On November 14th, NASA launched the Space Shuttle Endeavour for a flight to the international space station in order to bring parts for remodeling the living area of that orbiting outpost. As a boy, I was fascinated by the prospect of such futuristic projects as the space station. I would pour through Omni magazine hatching dreams of life as an adult living is such a world as the stories printed therein promised.

Times and interests change. I have long since lost interest in science fiction and the pseudo science fiction of the futurists who wrote for publications like Omni. The natural terrestrial world has become my primary focus of interest. And it is upon each occasion of the launch of the space shuttle, as well as a host of other very expensive extra-terrestrial explorations, that my usual rant can be heard throughout the house. “We don’t even have the most basic of understandings of things here on Earth, why are we so interested in exploring space?”

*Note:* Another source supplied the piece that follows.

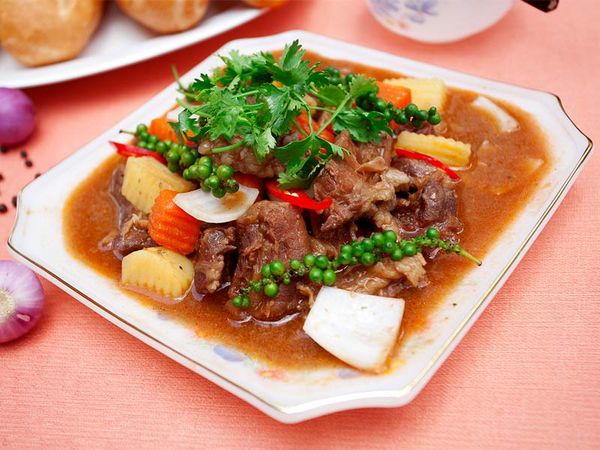 Mẹo: Chọn thịt bò có gân nhẹ để món hầm mềm, không khô. Tiêu xanh tươi giúp món ăn thơm đặc trưng. Có thể thêm ít rượu trắng khi ướp để khử mùi bò.

Don’t get me wrong – I’m fully cognizant of the benefits to us all (well… “all” being inhabitants of nations with economies at least temporarily developed to a sufficient level) from communication and weather satellites. I’m also more than impressed with what’s been discovered from the various probes shot out into the darkness of space that have brought us images of Saturn’s rings, the great anti-cyclone of Jupiter, and so forth. However even with all this technology generated from the exploration of space under our collective belts, we still can’t identify this bug.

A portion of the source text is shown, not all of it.